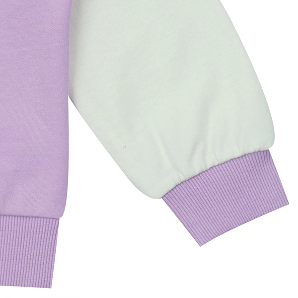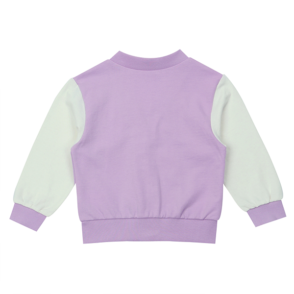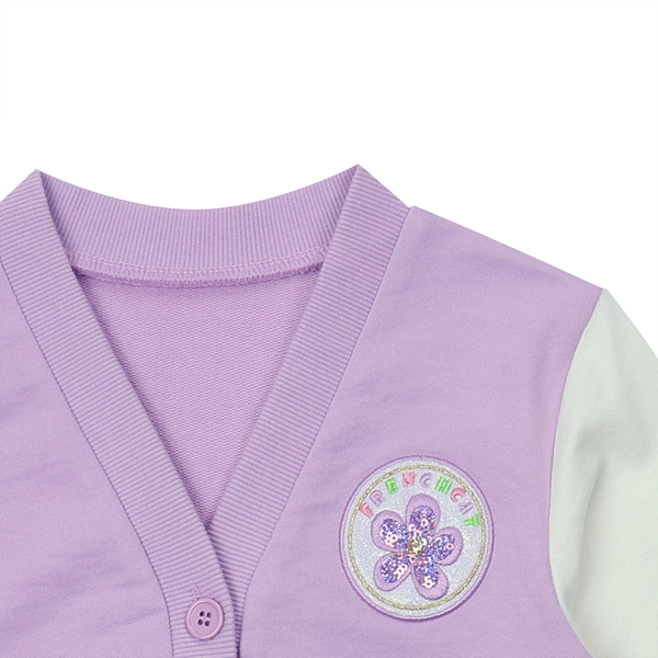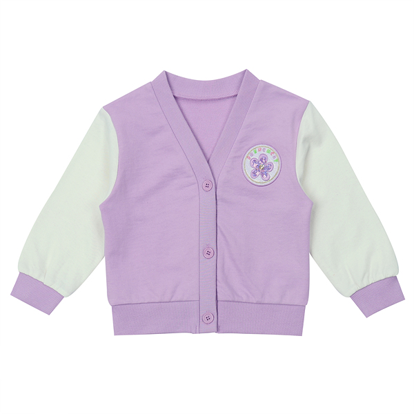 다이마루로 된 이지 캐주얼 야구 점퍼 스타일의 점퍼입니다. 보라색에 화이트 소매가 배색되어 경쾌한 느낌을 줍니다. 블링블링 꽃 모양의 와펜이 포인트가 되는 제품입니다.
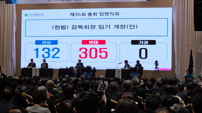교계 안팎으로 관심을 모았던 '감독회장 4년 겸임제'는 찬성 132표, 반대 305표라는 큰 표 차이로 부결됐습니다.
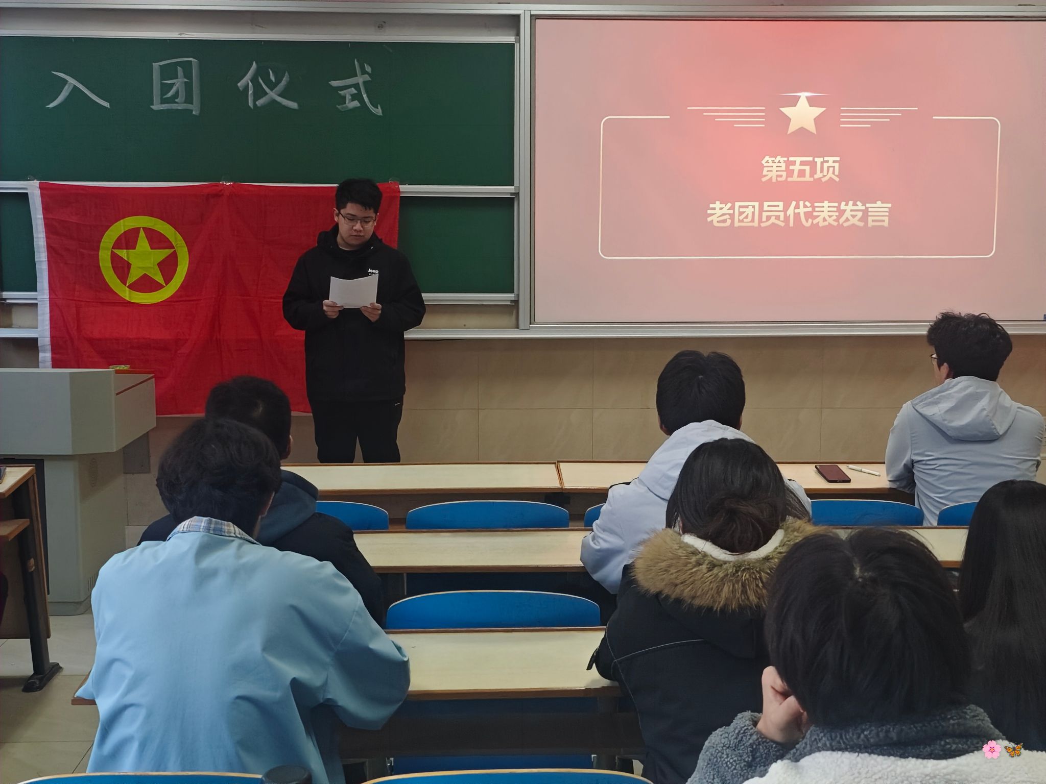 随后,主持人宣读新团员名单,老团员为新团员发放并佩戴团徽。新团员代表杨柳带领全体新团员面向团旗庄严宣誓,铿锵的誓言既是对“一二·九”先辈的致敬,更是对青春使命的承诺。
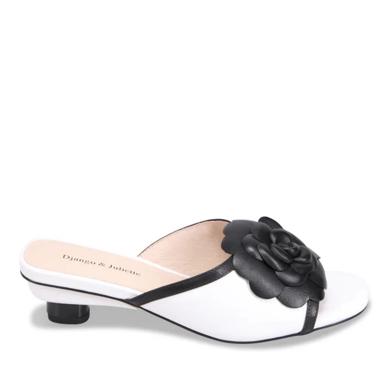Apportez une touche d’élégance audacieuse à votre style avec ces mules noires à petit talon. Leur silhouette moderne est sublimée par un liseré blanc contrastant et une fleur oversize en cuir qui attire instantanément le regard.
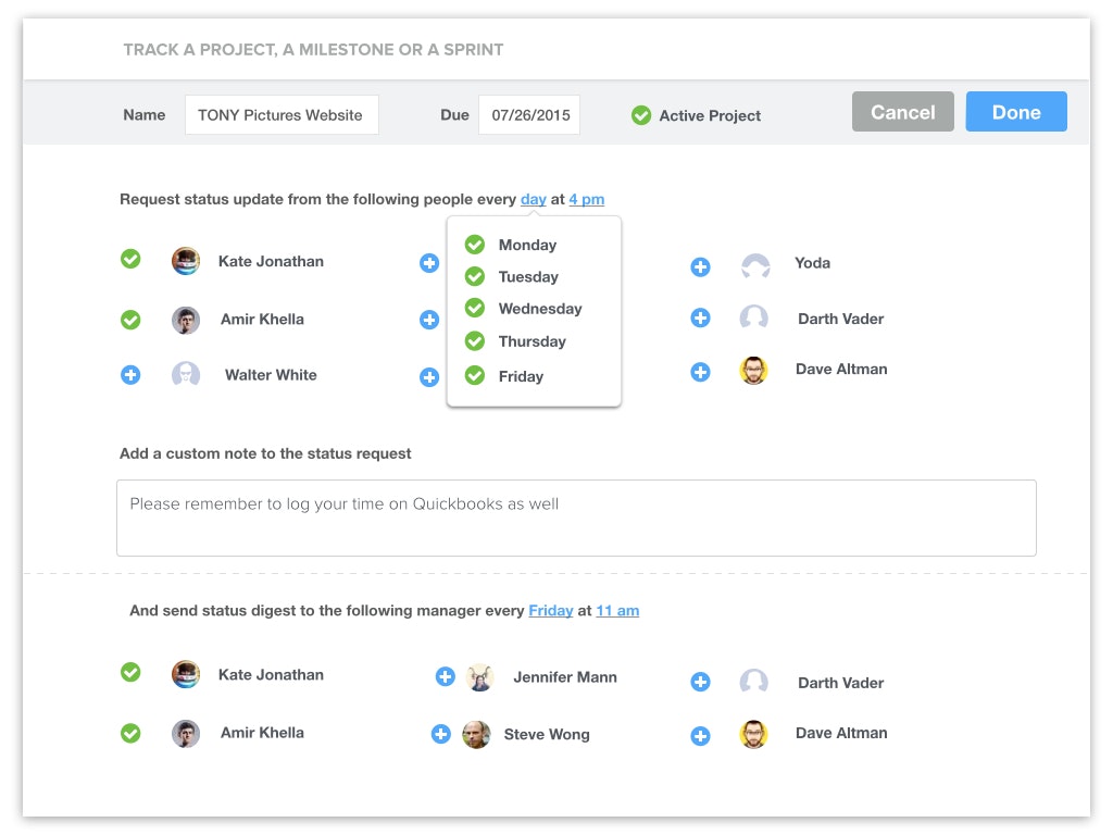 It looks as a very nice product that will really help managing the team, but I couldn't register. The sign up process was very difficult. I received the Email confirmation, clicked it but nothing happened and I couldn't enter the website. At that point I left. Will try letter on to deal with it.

■ ■ ■ ■ ■

# GOAL OF THE EXERCISE:
In the records, the line containing "교계 안팎으로 관심을" starts the span and the final line ends it. Output exactly that span, both ends included, with no pictures and nothing else.

# ANSWER TO THE PROBLEM:
교계 안팎으로 관심을 모았던 '감독회장 4년 겸임제'는 찬성 132표, 반대 305표라는 큰 표 차이로 부결됐습니다.
 随后,主持人宣读新团员名单,老团员为新团员发放并佩戴团徽。新团员代表杨柳带领全体新团员面向团旗庄严宣誓,铿锵的誓言既是对“一二·九”先辈的致敬,更是对青春使命的承诺。
Apportez une touche d’élégance audacieuse à votre style avec ces mules noires à petit talon. Leur silhouette moderne est sublimée par un liseré blanc contrastant et une fleur oversize en cuir qui attire instantanément le regard.
 It looks as a very nice product that will really help managing the team, but I couldn't register. The sign up process was very difficult. I received the Email confirmation, clicked it but nothing happened and I couldn't enter the website. At that point I left. Will try letter on to deal with it.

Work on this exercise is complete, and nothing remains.